▸ **ASSIGNMENT**: Entries below include pictures. Output exactly the lines from the one with "honey from bees" down to the one with "Through its rules, the", both ends included, and leave the pictures out.
*** EXERCISE MATERIAL ***
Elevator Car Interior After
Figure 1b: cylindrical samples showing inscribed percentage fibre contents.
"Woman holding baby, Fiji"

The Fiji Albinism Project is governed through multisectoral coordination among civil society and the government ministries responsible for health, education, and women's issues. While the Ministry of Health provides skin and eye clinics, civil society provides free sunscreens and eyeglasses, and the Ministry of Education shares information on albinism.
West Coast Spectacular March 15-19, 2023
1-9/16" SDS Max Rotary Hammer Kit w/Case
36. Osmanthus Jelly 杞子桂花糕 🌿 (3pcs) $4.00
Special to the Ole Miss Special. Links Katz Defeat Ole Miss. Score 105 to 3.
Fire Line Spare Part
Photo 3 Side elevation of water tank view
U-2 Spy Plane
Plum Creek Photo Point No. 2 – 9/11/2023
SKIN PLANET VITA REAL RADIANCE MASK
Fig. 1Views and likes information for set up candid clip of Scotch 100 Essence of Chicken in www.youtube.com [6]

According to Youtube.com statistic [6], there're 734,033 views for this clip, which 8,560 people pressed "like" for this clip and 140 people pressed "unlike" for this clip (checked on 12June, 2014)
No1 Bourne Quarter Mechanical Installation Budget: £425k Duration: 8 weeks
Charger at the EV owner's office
*** End of EXERCISE MATERIAL ***
*** EXERCISE MATERIAL ***
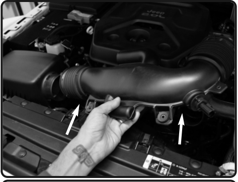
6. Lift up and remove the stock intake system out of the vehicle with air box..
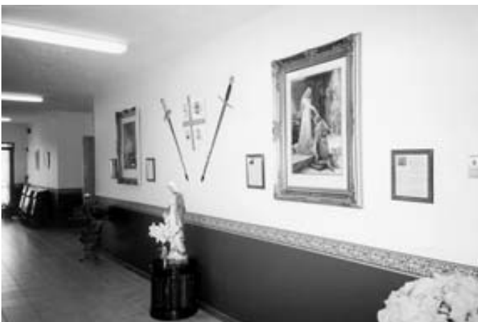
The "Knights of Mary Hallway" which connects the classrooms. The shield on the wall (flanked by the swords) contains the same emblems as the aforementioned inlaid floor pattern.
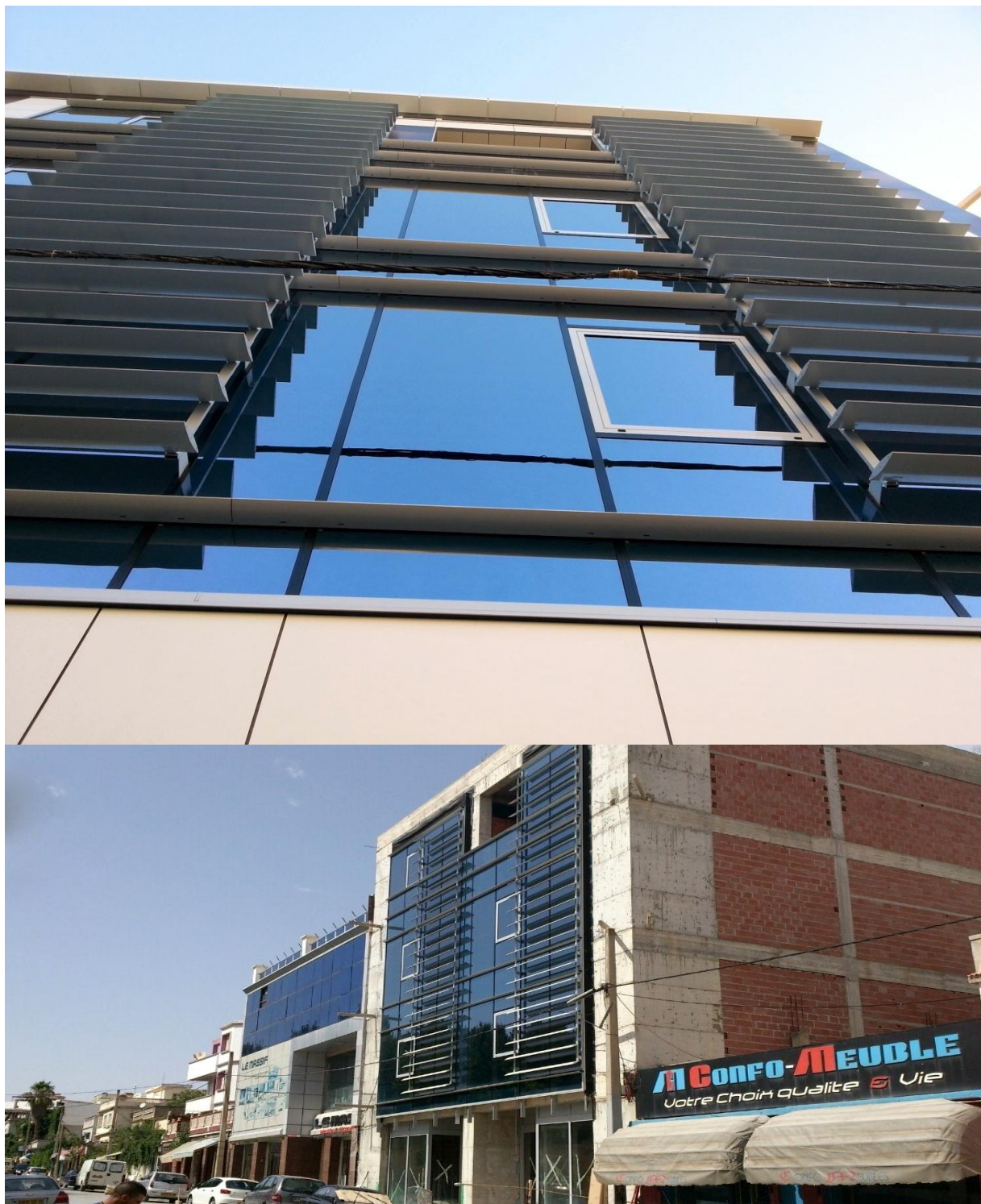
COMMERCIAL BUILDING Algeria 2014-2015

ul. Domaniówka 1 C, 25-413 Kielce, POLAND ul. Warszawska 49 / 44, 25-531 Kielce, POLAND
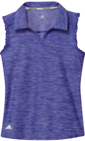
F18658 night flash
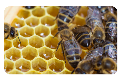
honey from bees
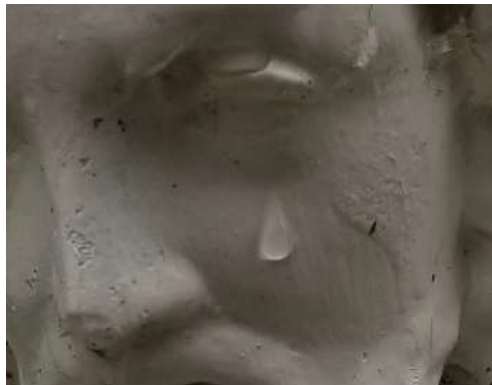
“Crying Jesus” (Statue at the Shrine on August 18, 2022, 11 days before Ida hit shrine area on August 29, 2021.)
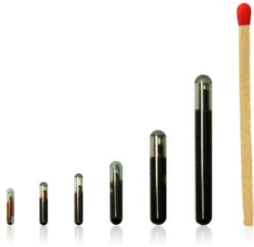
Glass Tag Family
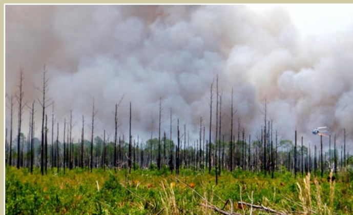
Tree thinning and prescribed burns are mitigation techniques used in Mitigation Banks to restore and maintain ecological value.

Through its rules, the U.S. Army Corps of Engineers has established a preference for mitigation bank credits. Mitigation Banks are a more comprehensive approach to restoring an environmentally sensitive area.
*** End of EXERCISE MATERIAL ***
▸ **WRITTEN SOLUTION**:
honey from bees
“Crying Jesus” (Statue at the Shrine on August 18, 2022, 11 days before Ida hit shrine area on August 29, 2021.)
Glass Tag Family
Tree thinning and prescribed burns are mitigation techniques used in Mitigation Banks to restore and maintain ecological value.

Through its rules, the U.S. Army Corps of Engineers has established a preference for mitigation bank credits. Mitigation Banks are a more comprehensive approach to restoring an environmentally sensitive area.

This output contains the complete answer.